アメリカ・バージニア州出身。日本在住歴25年。メアリーワシントン大学卒、オールドドミニオン大学大学院にて応用言語学修士取得。
福岡県宗像市在住。宗像市応援大使。流暢な博多弁を話し、日本と日本語をこよなく愛する。2023年に日本に帰化。研究と並行し、バイリンガルブロガー、スピーカー、ラジオパーソナリティ、テレビコメンテーターとして多方面で活躍。西日本新聞で日本の文化と言葉についてつづる「アンちゃんの日本GO!」を連載中。自身で発見した日本の面白いことを、博多弁と英語でつづるブログ「アンちゃんから見るニッポン」が人気。文章を書くことと講演会は生き甲斐。TEDxFukuokaに登壇(2018・2020)。
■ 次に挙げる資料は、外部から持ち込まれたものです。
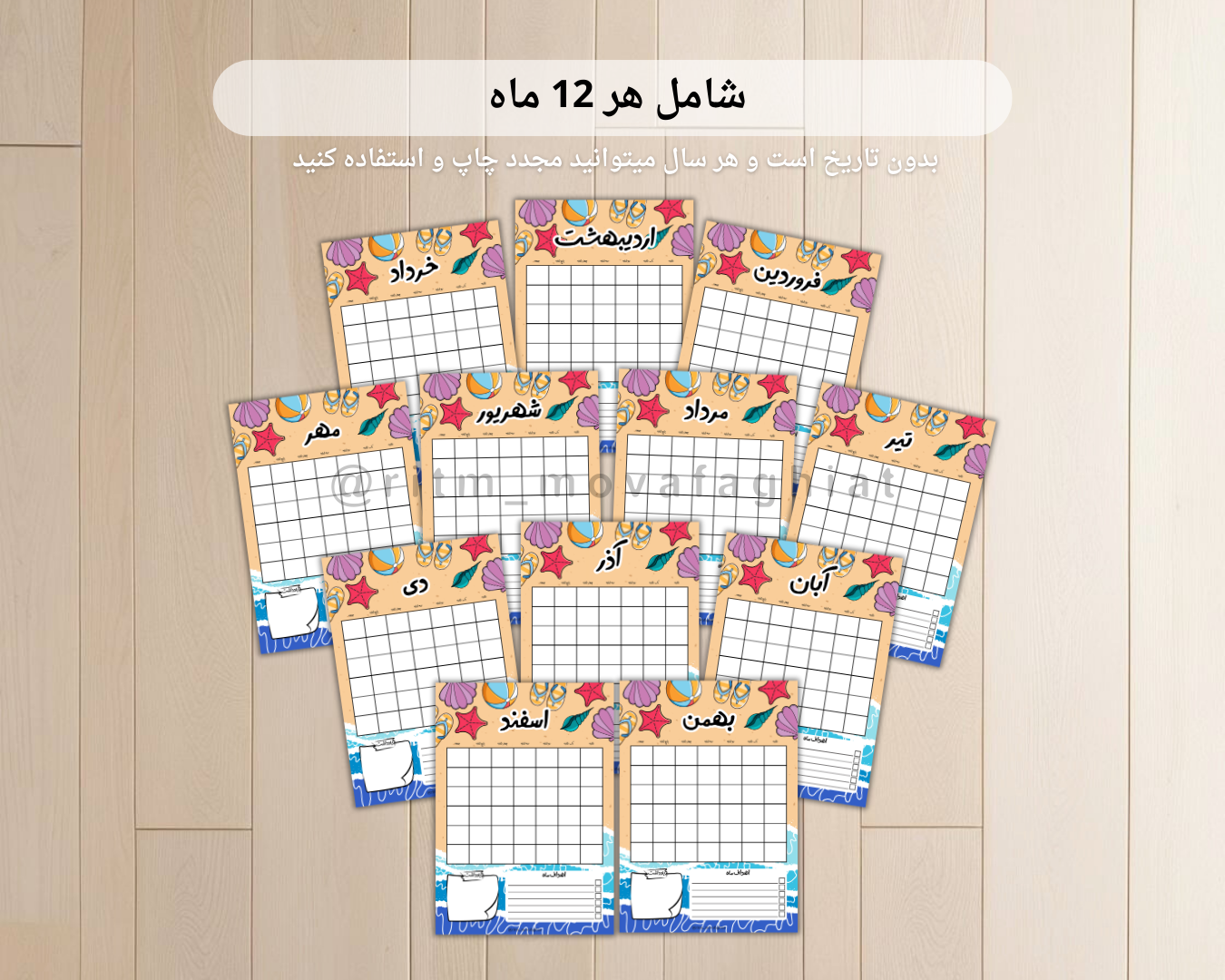 شامل همه ماه ها، تقویم قابل چاپ ، برای برنامه ریزی و هدف گذاری ماهانه،صفحات وظایف ماهانه

著書『なぜ日本人はupsetを必ず誤訳するのか』(アルク)、『教えて! 宮本さん 日本人が無意識に使う日本語が不思議すぎる!』(サンマーク出版)、『ペットボトルは英語じゃないって知っとうと⁉』(ぴあ)、『アンちゃんの日本が好きすぎてたまらんバイ!』(合同会社リボンシップ)、『ネイティブが教えるアメリカ英語フレーズ1000』(コスモピア)など多数。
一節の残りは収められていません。